Gifts of mutual funds to your child, niece, nephew, or grandchild have several advantages over gifts of individual stocks, fund executives point out. Even a small amount invested in mutual funds will provide a child with a diversified portfolio, says Ronald T. Schroeder, president of New York-based J. & W. Seligman & Co. Your investment is spread over a wide variety of securities - and so is the risk.
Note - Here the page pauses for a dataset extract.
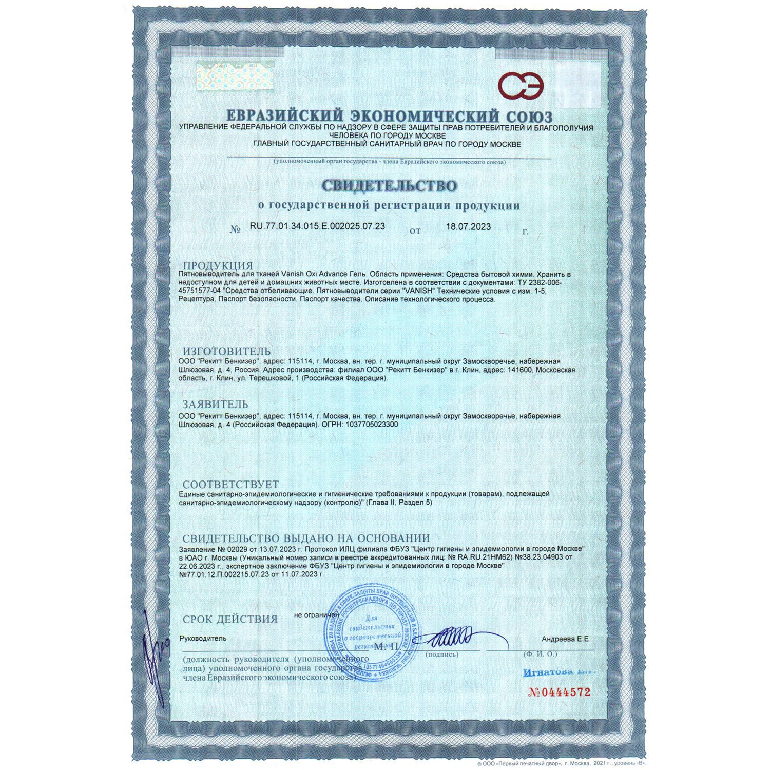 Средство для удаления пятен 1,5 л VANISH (Ваниш) "Oxi Advance", гель, 3143456

And although mutual funds spread the risk, they also allow an investor to choose the desired level of risk, to zero in on the investment objective. Generally, the longer the period of investment, the more risk is acceptable, as higher-risk investments tend to yield higher returns than safer investments over the long term. ''One thing a child has,'' says Reg Green, of the Washington-based Mutal Fund News Service, ''is time on his side.''
Yields of a high-risk ''capital appreciation'' fund can swing markedly up and down each year with the market. There is the possibility of losing or gaining a lot in any given year. For instance, the yield on Seligman's long-term fund was minus 19 percent in the year ending Sept. 30.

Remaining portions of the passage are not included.